▸ **TASK DIRECTIONS**: Write out the listing exactly, dropping any picture it contains.

▸ **INPUT DATA**:
_ _ _ _

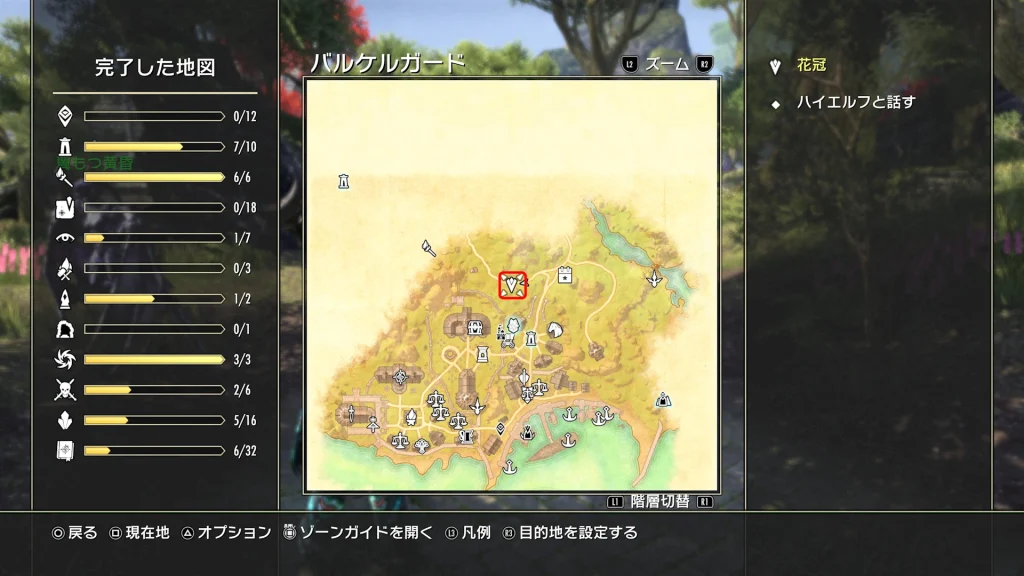 マップを最大まで縮小させるとタムリエル全土のマップに切り替わるので、
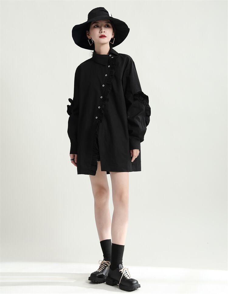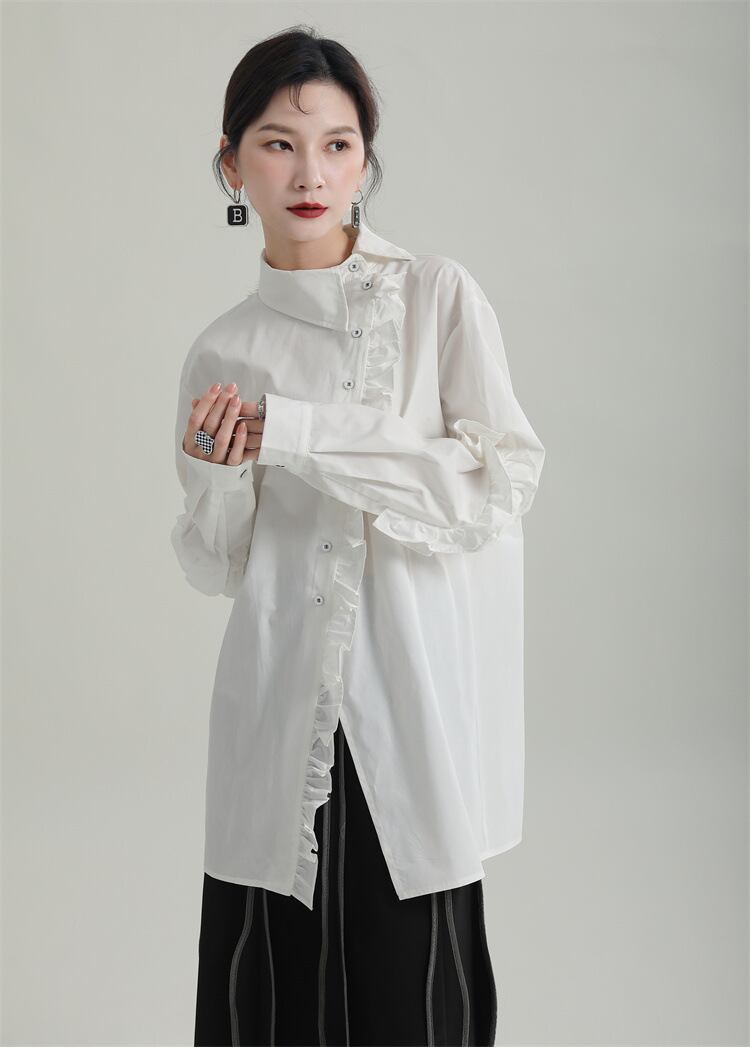 2色 ブラウス 長袖 不対称 トップス オリジナル
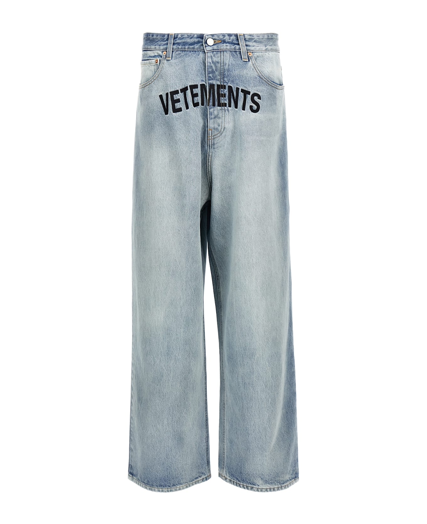 Vintage-effect cotton denim jeans, maxi logo embroidery on the front, button closure, five pockets, wide and straight leg, and leather logo label on the back.
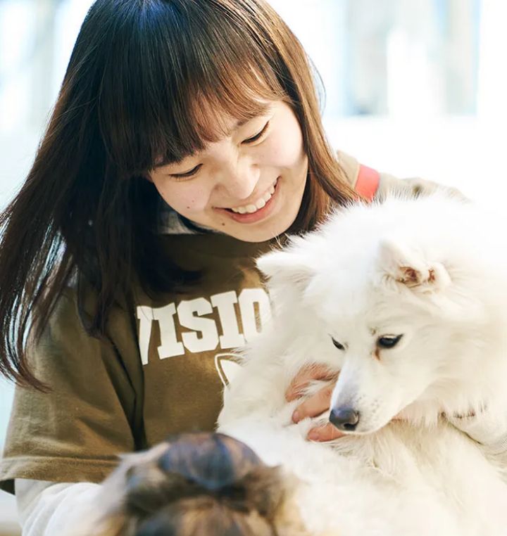 専攻問わず、校舎内であらゆる種類の動物たちを学⽣たち⾃⾝で飼育しています。⽇常的に動物と触れ合いケアすることで、卒業後、現場で⽣きる対応⼒を⾝につけます。

_ _ _ _

▸ **ANSWER SPACE**:
 マップを最大まで縮小させるとタムリエル全土のマップに切り替わるので、
 2色 ブラウス 長袖 不対称 トップス オリジナル
 Vintage-effect cotton denim jeans, maxi logo embroidery on the front, button closure, five pockets, wide and straight leg, and leather logo label on the back.
 専攻問わず、校舎内であらゆる種類の動物たちを学⽣たち⾃⾝で飼育しています。⽇常的に動物と触れ合いケアすることで、卒業後、現場で⽣きる対応⼒を⾝につけます。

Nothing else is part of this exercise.